- Exercise brief:
Give back exactly the stretch of data below from the line holding "Der 1. Schlafraum" through the line holding "Um retrato de", both ends included, and leave the remaining lines out.

--- Provided entries Enclosed Below ---

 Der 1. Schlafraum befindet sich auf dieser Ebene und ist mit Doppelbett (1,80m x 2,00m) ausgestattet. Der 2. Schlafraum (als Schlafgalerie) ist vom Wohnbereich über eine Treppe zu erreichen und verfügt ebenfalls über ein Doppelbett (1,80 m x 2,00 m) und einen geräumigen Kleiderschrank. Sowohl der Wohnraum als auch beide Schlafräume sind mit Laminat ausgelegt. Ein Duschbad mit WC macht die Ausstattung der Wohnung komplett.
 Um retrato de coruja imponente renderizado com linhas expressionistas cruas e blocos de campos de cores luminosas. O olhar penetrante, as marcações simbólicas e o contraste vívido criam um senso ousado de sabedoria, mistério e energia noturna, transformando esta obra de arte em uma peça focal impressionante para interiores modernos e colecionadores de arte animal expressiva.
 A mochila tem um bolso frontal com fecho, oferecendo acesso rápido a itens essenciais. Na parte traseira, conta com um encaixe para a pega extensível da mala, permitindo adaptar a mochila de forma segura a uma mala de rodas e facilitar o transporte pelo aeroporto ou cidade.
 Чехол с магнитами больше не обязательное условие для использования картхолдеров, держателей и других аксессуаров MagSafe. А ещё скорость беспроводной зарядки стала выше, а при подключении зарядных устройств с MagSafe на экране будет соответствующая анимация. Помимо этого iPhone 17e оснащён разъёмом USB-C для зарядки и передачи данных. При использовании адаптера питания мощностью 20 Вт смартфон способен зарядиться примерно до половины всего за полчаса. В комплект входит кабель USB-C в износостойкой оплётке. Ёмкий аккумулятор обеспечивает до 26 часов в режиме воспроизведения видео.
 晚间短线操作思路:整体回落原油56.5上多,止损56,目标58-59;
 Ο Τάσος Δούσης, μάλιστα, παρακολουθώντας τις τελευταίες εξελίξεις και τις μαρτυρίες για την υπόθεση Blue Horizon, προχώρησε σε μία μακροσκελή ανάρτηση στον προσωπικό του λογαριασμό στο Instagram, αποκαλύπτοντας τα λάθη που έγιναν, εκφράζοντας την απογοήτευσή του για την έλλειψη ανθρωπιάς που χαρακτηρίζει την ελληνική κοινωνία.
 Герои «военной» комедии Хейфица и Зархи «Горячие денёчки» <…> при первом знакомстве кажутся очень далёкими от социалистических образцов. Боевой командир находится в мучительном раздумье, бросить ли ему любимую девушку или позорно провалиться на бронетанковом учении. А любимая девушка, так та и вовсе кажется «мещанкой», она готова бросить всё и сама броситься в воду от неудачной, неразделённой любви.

--- End of Enclosed Provided entries ---
--- Provided entries Enclosed Below ---

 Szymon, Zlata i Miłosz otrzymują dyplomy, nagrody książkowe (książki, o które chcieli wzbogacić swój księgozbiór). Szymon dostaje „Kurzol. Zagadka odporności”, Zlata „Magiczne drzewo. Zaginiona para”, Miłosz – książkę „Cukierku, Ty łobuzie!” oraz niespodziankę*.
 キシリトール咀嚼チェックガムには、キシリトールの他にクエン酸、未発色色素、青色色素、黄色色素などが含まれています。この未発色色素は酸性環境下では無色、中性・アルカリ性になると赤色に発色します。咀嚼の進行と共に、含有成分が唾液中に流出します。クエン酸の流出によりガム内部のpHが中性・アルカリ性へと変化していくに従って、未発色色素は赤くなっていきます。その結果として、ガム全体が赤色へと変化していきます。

--- End of Enclosed Provided entries ---

- Exercise solution:
 Der 1. Schlafraum befindet sich auf dieser Ebene und ist mit Doppelbett (1,80m x 2,00m) ausgestattet. Der 2. Schlafraum (als Schlafgalerie) ist vom Wohnbereich über eine Treppe zu erreichen und verfügt ebenfalls über ein Doppelbett (1,80 m x 2,00 m) und einen geräumigen Kleiderschrank. Sowohl der Wohnraum als auch beide Schlafräume sind mit Laminat ausgelegt. Ein Duschbad mit WC macht die Ausstattung der Wohnung komplett.
 Um retrato de coruja imponente renderizado com linhas expressionistas cruas e blocos de campos de cores luminosas. O olhar penetrante, as marcações simbólicas e o contraste vívido criam um senso ousado de sabedoria, mistério e energia noturna, transformando esta obra de arte em uma peça focal impressionante para interiores modernos e colecionadores de arte animal expressiva.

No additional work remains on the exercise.